Mexican restaurant chain

Señor Frog's (Mister Frog) is a Mexican-themed franchised bar and grill in tourist destinations throughout Mexico, the Caribbean, Tenerife, and the United States.

In Mexico and the western Caribbean, about 75% of its revenues come from alcoholic beverage sales. In Myrtle Beach, South Carolina, however, the company has been unable to promote drinking as successfully; food outsells liquor there by a slight margin.

The parent company, Grupo Anderson's, is headquartered in Cancún, Mexico.

== History ==
Señor Frog’s was founded in Mazatlán, Sinaloa, in 1971 by Jesús Humberto "Chuy" Juárez and Carlos Anderson, following the opening of their first restaurant, El Shrimp Bucket, in 1963. The initial Señor Frog's location operated within the Sands Arenas Hotel. The restaurant originally served set meals at communal tables before expanding its concept to include a full menu and alcoholic beverages, alongside traditional seating and a bar area.

Señor Frog's is owned by Grupo Anderson's, founded in 1963, who claims there are more than 50 restaurants making it Mexico's largest restaurateur. In addition to Señor Frog's, Grupo Anderson's owns the Carlos'n Charlie's chain.

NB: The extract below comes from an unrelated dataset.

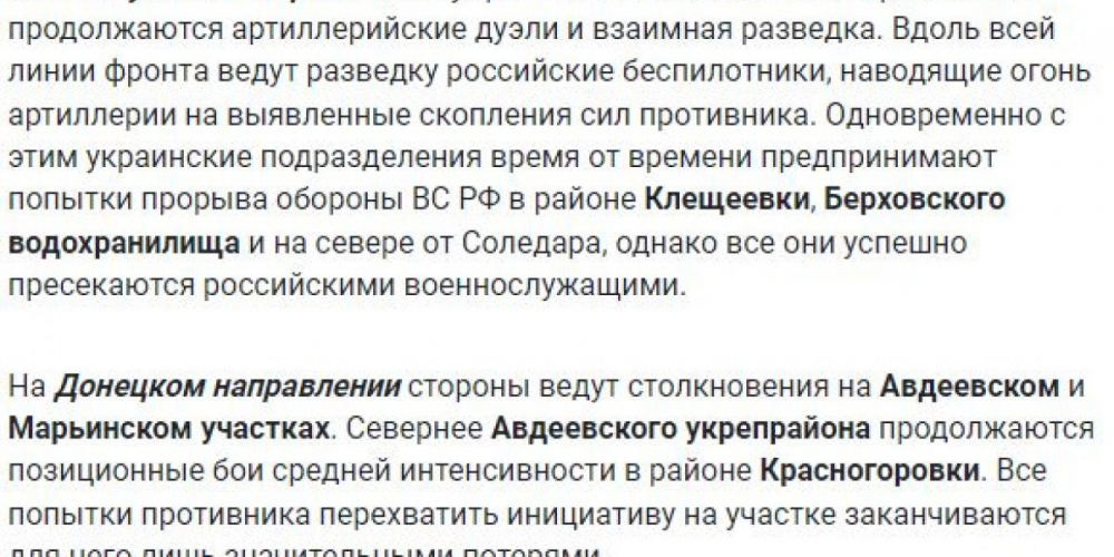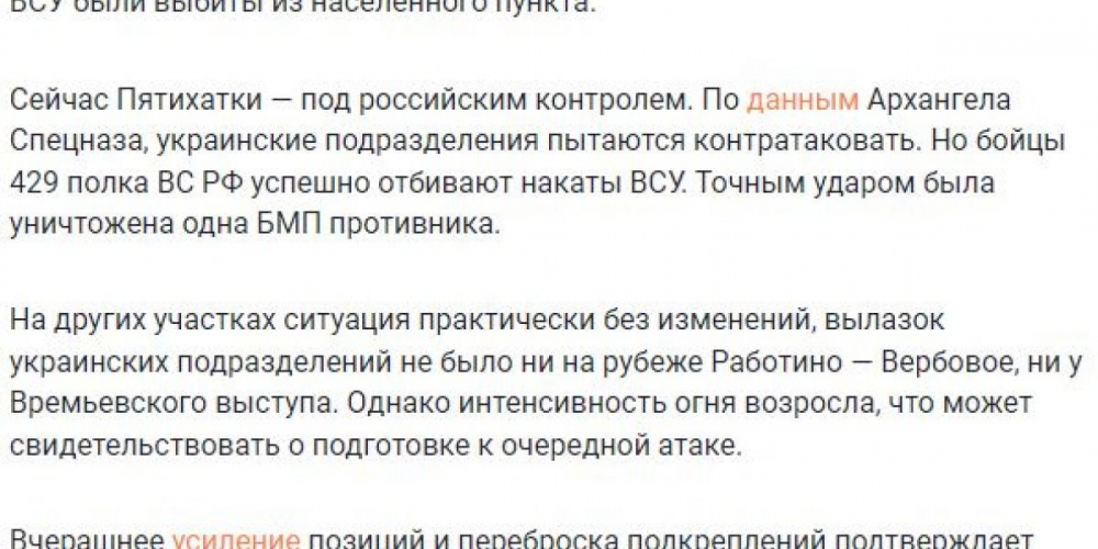 И все заходящие в Пятихатки силы противника уничтожаются российской артиллерией, танками либо авиацией. Более того, 5-ый батальон 128-й гшб ВСУ и вовсе вывел остатки своих сил и тяжелой техники из населенного пункта под натиском ВС РФ, которые занимают более выгодные позиции на высотах, в то время как ВСУ засели в низинах.

During its early years, the founders introduced modular sound equipment to the restaurant, playing imported vinyl records purchased in the United States. Integrating loud, discotheque-style audio experience and an interactive atmosphere into a casual dining space was a departure from traditional Mexican restaurant formats of the 1970s. During this period, the restaurant's menu also expanded to include barbecue ribs and seafood dishes, such as fish, shrimp, and baked oysters.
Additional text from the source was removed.